The following week, the Hong Kong Police Force stepped in, arresting Lam and five other JPEX influencers on charges of conspiracy to defraud.
The SFC then ordered Hong Kong telecom providers to block JPEX’s website and mobile app, but by that point JPEX user funds had already vanished.
In total, more than 2,200 JPEX users have reported losses of $180m to date.
An ‘embarrassing’ setback for Hong Kong
In June, Hong Kong distinguished itself by becoming one of the first jurisdictions in the world to introduce a regulatory framework for virtual asset trading platforms (VATPs).
The two-tier framework consists of anti-money laundering and operational requirements that VATPs must fulfil in order to obtain a licence in Hong Kong.
As per the new rules, it is now a criminal offence to conduct VATP activities in Hong Kong without a licence. However, VATPs that already had a “meaningful and substantial” presence in Hong Kong prior to June 1 have been granted a 12-month grace period to obtain a licence.
Although JPEX claimed it was planning to apply for such a licence, the SFC has since said that it “never” contacted the regulator in relation to any planned application.
Kelvin Low, law professor at National University of Singapore (NUS), said that for a scandal like JPEX to emerge in 2023 is “deeply embarrassing” for Hong Kong regulators.
“Hong Kong’s crypto-asset framework is clearly deficient, especially in light of the FTX collapse and other events we have seen in 2022,” he told Vixio.
“While it is true that some people cannot be protected from their own worst instincts, the fact that JPEX could advertise so publicly for so long raises questions about the regulations.”
In Low’s view, JPEX’s behaviour was typical of a fraudulent crypto exchange, where an ever-increasing marketing budget is used to attract more users and deposits right up until its collapse.
FTX, once the world’s second-largest crypto exchange, engaged in similar practices before filing for bankruptcy in November 2022.
In 2021 it spent a reported $135m on a stadium naming rights deal in Miami, and in 2022 it spent a reported $35m on a Super Bowl commercial featuring actor Larry Davidson.
Commercial interests vs regulatory integrity
Prior to the JPEX scandal, Low said the Hong Kong media had heavily promoted the idea of a “pivot to crypto” for the city’s capital markets, putting pressure on regulators not to upset the industry.
At the same time, he said, regulators have taken on the crypto industry’s claims that tough regulation would suffocate “innovation”.
The result has been a halfway house whereby crypto-assets — minus Bitcoin and Ethereum — have been brought into the purview of the securities regulator, but with lower standards than that applied to traditional securities.

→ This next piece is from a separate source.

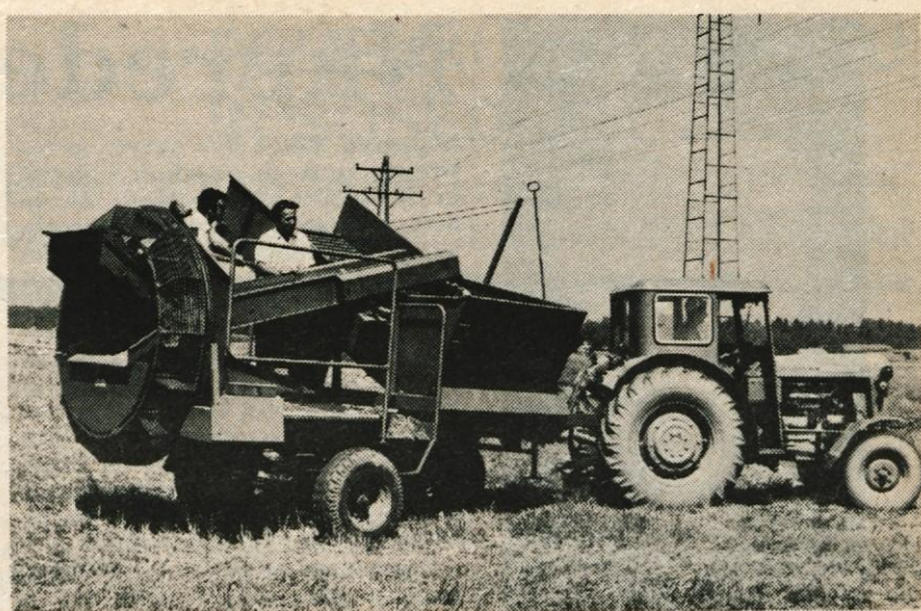
Kmetijsko živilski kombinat Kranj, TOZD Komercialni servis — enota Agromehanika, ki je letos na mednarodnem Gorenjskem sejmu razstavljal in prodajal različne kmetijske stroje, je v nedeljo dopoldne pripravil tudi demonstracijo s kombajni za krompir. Različne kombajne za krompir si je na zemljišču KŽK na Zlatem polju ogledalo precej kmetovalcev. — A. Ž.

Direkcija tudi obračunava premijo za mlado pitano živino v višini 1,50 dinarja za kilogram žive teže kot je to določeno v zveznem odloku. Premije bodo plačali tudi za že odkupljeno živino vsem organizacijam in kmetom z urejeno dokumentacijo. Premijo direkcija izplačuje prek živinorejske poslovne skupnosti. -lb

“My worry for Hong Kong is that in pursuing the crypto hub status, it is sacrificing its hard-earned reputation in traditional capital markets,” Low said.
“It may be the case that a particular territory’s laws are drafted too narrowly today to capture crypto-assets as securities, but the remedy to that is quite simple: amend your laws.”
Lessons learned for APAC regulators?
The impact of the JPEX fraud is expected to spread over the coming months, with each jurisdiction affected differently.
Although JPEX promoters in Hong Kong have been arrested, for example, the beneficial owners of the platform are believed to be in Dubai and are still at large.
For bad actors in the crypto industry, Low said that Dubai's lack of enforcement will continue to attract non-compliant activity targeting offshore jurisdictions.
In the rest of APAC, Low said the JPEX fraud should serve as a warning to regulators to ensure that future legislation does not produce similar loopholes.
“I hope I am wrong, but I fear that regulators will take a long time to learn that we have our securities regulations for a reason, and lowering standards for the crypto industry simply allows it to exploit loopholes,” he said.
“These loopholes will eventually be closed, but on a piecemeal basis after successive scandals.
“APAC regulators should consider carefully whether it is worthwhile to mollycoddle the crypto industry.”